Tautan-tautan Akses

Afghanistan Buka Program S2 Pertama untuk Kajian Gender


Para aktivis perempuan Afghanistan dalam konferensi pers Amnesty International mengenai laporan ancaman terhadap aktivis perempuan, di Kabul, 7 April 2015. (AP/Massoud Hossaini)
Para aktivis perempuan Afghanistan dalam konferensi pers Amnesty International mengenai laporan ancaman terhadap aktivis perempuan, di Kabul, 7 April 2015. (AP/Massoud Hossaini)

Jutaan anak perempuan telah kembali bersekolah dalam 14 tahun terakhir, namun akses terhadap pendidikan tinggi masih terbatas.

Sekelompok mahasiswa Afghanistan berkumpul di kampus Kabul University yang teduh minggu ini untuk menghadiri kuliah program studi baru, yaitu program pascasarjana pertama di negara itu untuk kajian gender dan perempuan.

Kemajuan-kemajuan yang dibuat perempuan sejak pasukan yang dipimpin AS mengusir Taliban tahun 2001 disebut sebagai salah satu kemenangan perang, namun perempuan masih terpinggirkan dalam kehidupan politik dan menjadi target kekerasan publik dan di rumah.

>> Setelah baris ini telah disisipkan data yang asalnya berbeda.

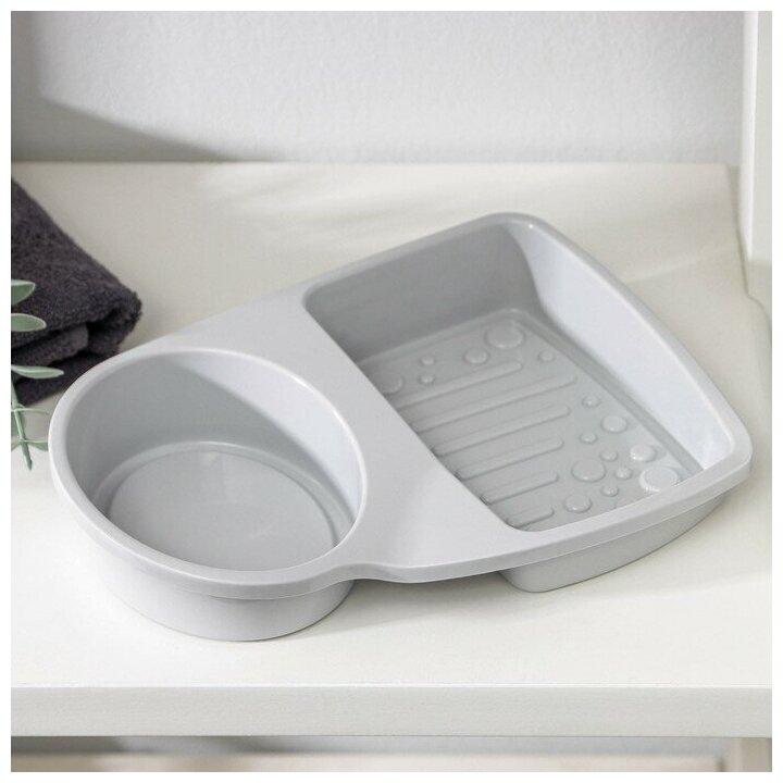 Подставка имеет два отделения: для моющего средства и для губки. Помогает поддерживать чистоту и порядок на кухне и ванной комнате. Имеет компактные размеры. Подставку можно мыть в посудомоечной машине.

Banyak yang khawatir situasi akan bertambah parah karena memburuknya keamanan di negara itu, ketakutan yang dipicu laporan-laporan mengenai kekerasan terhadap perempuan di Kunduz setelah Taliban secara singkat menguasai kota di bagian utara itu bulan lalu.

"Banyak perubahan terjadi pada perempuan, namun itu tidak cukup," ujar Zheela Rafhat, guru sekolah menengah dan salah satu dari 28 mahasiswa yang terdaftar dalam proram tersebut, yang akan membahas isu-isu seperti gender dan kekerasan.

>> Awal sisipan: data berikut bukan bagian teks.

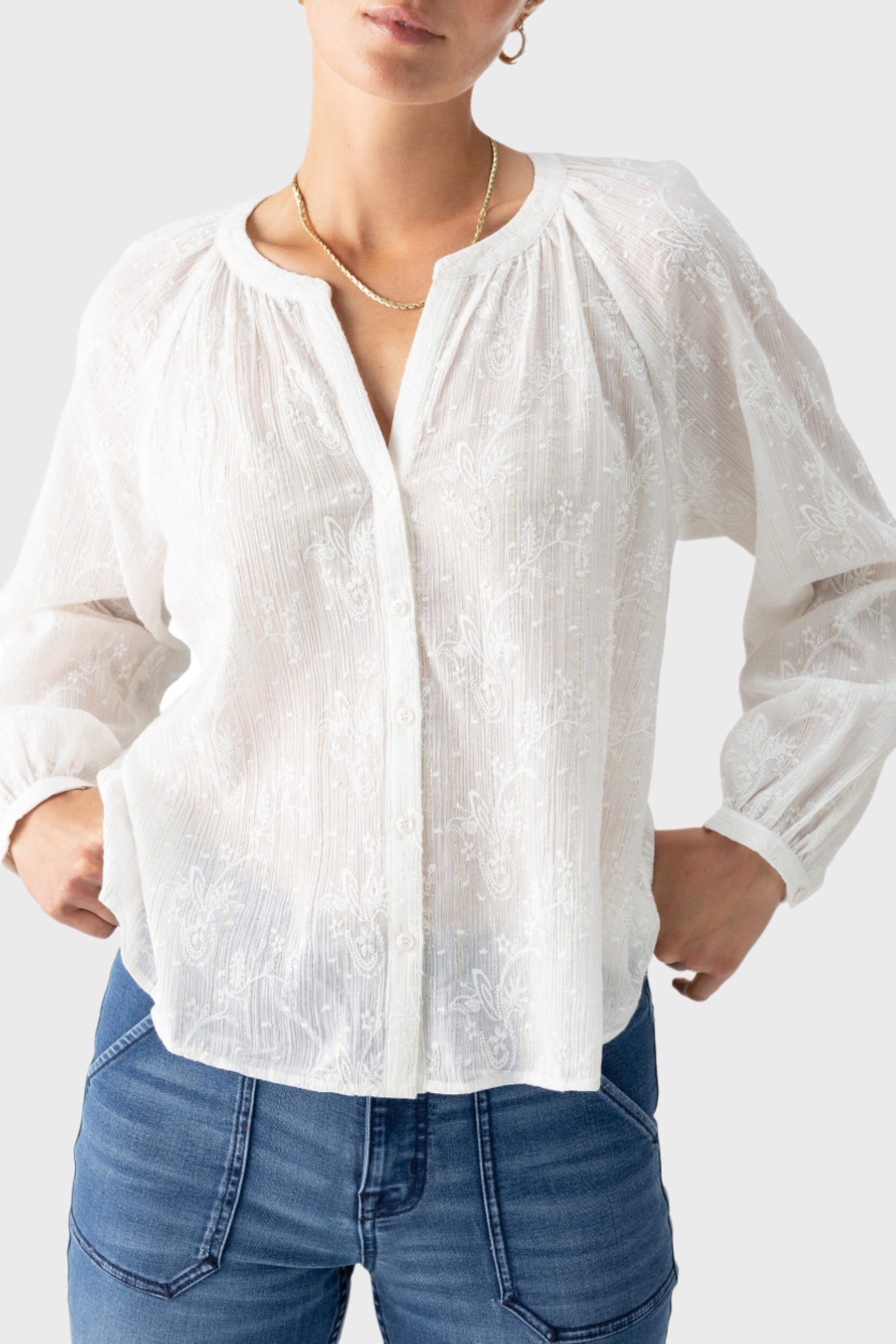 Shimmering metallic threads run through this Sanctuary laid-back cotton shirt, beautifully accented with tonal embroidered blooms.

"Keadaan lebih baik di ibukota dibandingkan di daerah-daerah pedesaan yang menghadapi banyak konflik."

Foto-foto Kabul di tahun 1960an dan 70an menunjukkan sebuah kota dimana para perempuan Afghanistan memakai rok mini dan sepatu hak tinggi, gambaran yang telah hilang sejak Taliban berkuasa tahun 1996.

Dengan pemberlakuan hukum Islam yang keras oleh kelompok tersebut, perempuan dewasa dan anak-anak dilarang muncul dalam kehidupan publik, termasuk bersekolah dan bekerja, dan harus memakai burqa ketika keluar rumah.

Jutaan anak perempuan telah kembali bersekolah dalam 14 tahun terakhir, namun akses terhadap pendidikan tinggi masih terbatas.

Adanya program studi perempuan di tingkat pascasarjana seharusnya membantu menyebarkan kesadaran dan menempatkan orang-orang yang dapat mempromosikan kesetaraan di tempat kerja, menurut pihak fakultas dan mahasiswa. Delapan belas mahasiswi dan 10 mahasiswa telah terdaftar dalam program tersebut.

Namun proyek ini bukannya tanpa kritik, karena beberapa orang melihatnya sebagai intervensi asing yang sesat. Program ini didanai oleh Korea Selatan dan dikelola oleh Program PBB untuk Pembangunan (UNDP) bekerjasama dengan pemerintah.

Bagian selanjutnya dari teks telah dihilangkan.